Программист. Глава вторая

Юрий Сычев 2
                Странные дела
    
     «Полковнику никто не пишет. Полковника никто не ждет» – несколько раз едва слышно пропел Виктор Кузьмич, посмотрев на вышедшего из подъезда его дома почтальона, с сумкой на плече.
    
     Не снимая с лица медицинской маски, он порылся в карманах и, чертыхаясь, в одном из них нашел связку ключей.
    
     «Надо бы у Валечки - провизора прикупить средство для укрепления памяти!» – пробормотал он, еще раз взглянув на удаляющуюся фигуру работника почты и поднеся чип - ключ к «дешифратору» электронного замка входной двери.
    
     Магнит кодового замка щелкнул, и резина уплотнений двери приоткрыла небольшую щель в двери, из которой в лицо Кузьмича пахнуло затхлым воздухом.
    
     Прошедший ночью проливной дождь поспособствовал жильцам подъезда пятиэтажки своей мокрой обувью повысить влажность объемов его лестничных пролетов.
    
     «Ну, вот, и антисептиками обрабатывать подъезды дома перестали.

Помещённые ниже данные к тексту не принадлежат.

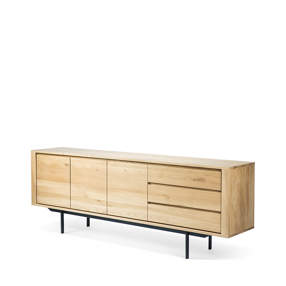 The Shadow collection is straightforward and robust with decisive lines. This more recent sideboard in solid oak with black metal legs, giving the design room to breathe, elevates this sideboard to new heights.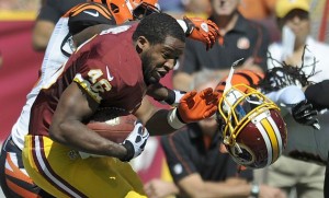 So far this season Washington rookie running back Alfred Morris has run for 236 yards and 3 touchdowns and to me it seems like Mike Shannahan has have found his latest 1000 yard running back to be drafted on the last day of the draft. Shannahan runs a fantastic zone running scheme that relies on backs to use a one cut and go method. Just put on a Terrell Davis highlight reel to see what I’m talking about.

А раньше ведь даже асфальтное полотно дорог реагентами против вируса полоскали!» – горько подумал седой пенсионер, привычно заглянув в небольшие круглые отверстия на  крышке своего почтового ящика.
    
     Ничего не увидев в нем, он уже сделал парочку шагов по лестничному пролету, но что-то вдруг заставило его вернуться к голубому ящику на стене и небольшим ключиком открыть в нем дверцу.
    
     И не зря!
    
     «Черная кошка в черной комнате!» – улыбнулся ветеран, обнаружив в ящике черный конверт нестандартного размера.
    
     За всю свою долгую жизнь ему еще не довелось получать корреспонденцию в черных конвертах.
    
     Шрифт адреса получателя на конверте был белого цвета.
    
     А там, где должен был быть адрес отправителя, подняли рябь в глазах Кузьмича цифры.

     Их было много – в три ряда, во всю длину конверта.
   
     Следов обычного почтового штемпеля на конверте не было.
   
     А вместо них в правом углу конверта, на месте для почтовой марки, стоял эллиптический оттиск, а в нем – овал, в котором молния несла на себе знак бесконечности.
    
     И на обратной стороне конверта - «черной метки», по его углам и в центре, стояло еще пять подобных знаков.
    
     Кузьмич еще раз внимательно прочитал, кому предназначался конверт.
    
     «Нет-нет, все правильно: письмо для меня!» – решил старичок и с конвертом в руках взбежал по ступеням третьего лестничного пролета к своей двери.
    
     Немного отдышавшись у двери, не нажимая на кнопку звонка, нарушив шутливую традицию всегда звонить себе в дверной звонок, хотя там никого и не было, открыл ключом дверь и вошел в коридор.
    
     Включив в прихожке свет и поздоровавшись шутливо сам с собой, не раздеваясь, прошел на кухню.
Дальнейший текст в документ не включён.